Korona virüsün göz sağlığına etkisine ilişkin konuşan Dr. Yusuf Yıldırım, “Maske ve mesafe tedbirlerini gevşettik. Önümüzdeki süreçte ne yazık ki bu tip virüslere bağlı göz enfeksiyonları artacak. Sıklıkla gözde kızarıklık, sulanmayla birlikte oluşan konjoktiva dokusunun enflamasyonuyla hastalarımız bize geliyor. Genellikle 3 Covid hastasından bir tanesinde gözüküyor, ancak vatandaşlarımızın her göz kaşıntısı, sulanması veya kızarıklığını korona virüse mal etmemeleri gerekir” dedi.
Tüm dünyayı etkisi altına alan Covid-19 pandemisi nedeniyle birçok alan etkilendi. Çok sayıda vatandaş korona virüsten kaçınmak için toplumsal alanlarda bulunmamayı, evlerinde kalmayı tercih ederken, bu süreçte sağlık kontrollerini de erteledi. Başakşehir Çam ve Sakura Şehir Hastanesi Göz Bölümü’nden Dr. Yusuf Yıldırım da ihmal edilen tedavilerin daha büyük sağlık sorunlarının oluşmasına neden olduğunu belirtti. Dr. Yıldırım, korona virüsün göze etkileri ve olası göz rahatsızlıklarına karşı yapılması gerekenler hakkında bilgi verdi.
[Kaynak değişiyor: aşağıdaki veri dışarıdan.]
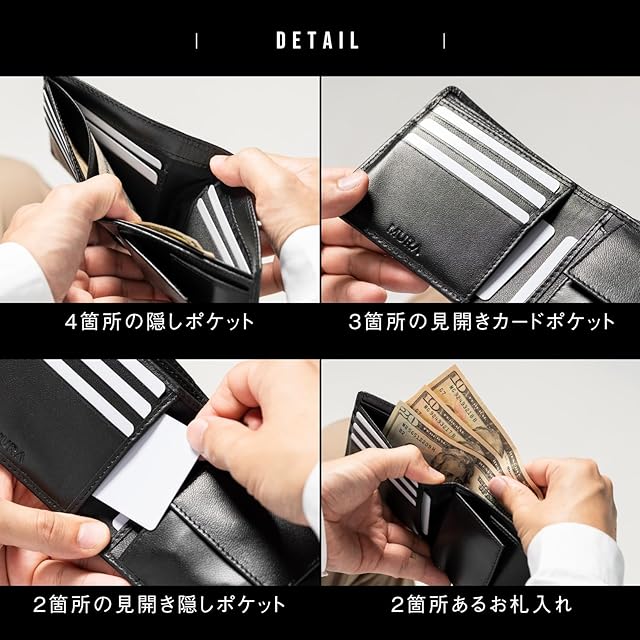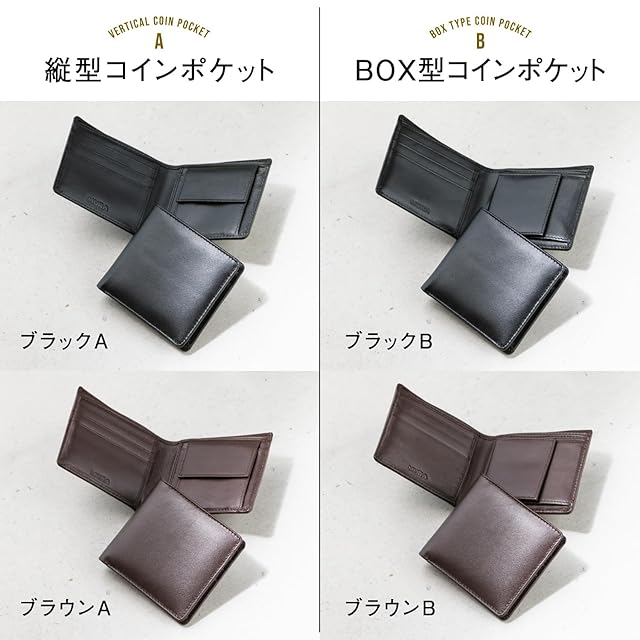 商品名:《新品未開封》[ムラ] 二つ折り財布 財布 メンズ 本革 二つ折り 軽い レザー カード7枚収納 隠しポケット (ブラックB type:BOX型コインポケット)

Korona virüsün göz sağlığına etkilerine ilişkin değerlendirmelerde bulunan Başakşehir Çam ve Sakura Şehir Hastanesi Göz Bölümü’nden Dr. Yusuf Yıldırım, “Covid ile birlikte farklı klinik tablolarla, farklı hastalıklarla karşılaşabiliyoruz. Korona virüs gözü de ne yazık ki etkiyebiliyor ve enfeksiyon oluşturabiliyor. Bu noktada özellikle en sık bizim karşılaştığımız konjonktivit dediğimiz bir tablo. Tabi buranın enfeksiyonu, gözyaşımızda da bu virüslerin bulunması özellikle başka insanlar açısından bulaş açısından yine de bir risk teşkil edebiliyor. Sadece basit geçici bir konjonktivitin dışında korona virüs ne yazık ki gözümüzün sinir tabakasını, optik sinirimizi, retina dediğimiz bölgeyi hatta bazen gözümün hareketini sağlayan görme, göz kaslarımızın fonksiyonlarını olumsuz etkileyebiliyor. Bunlar genelde geçici bulgular olabiliyor. Ancak yine de kalıcı hasar bırakıp bırakmaması adına muhakkak göz hastalıkları uzmanından destek alınması yine korona virüs tanısı alan hastaların gözle ilgili bir problem yaşadıklarında muhakkak göz muayenelerini yapmaları önemli” dedi.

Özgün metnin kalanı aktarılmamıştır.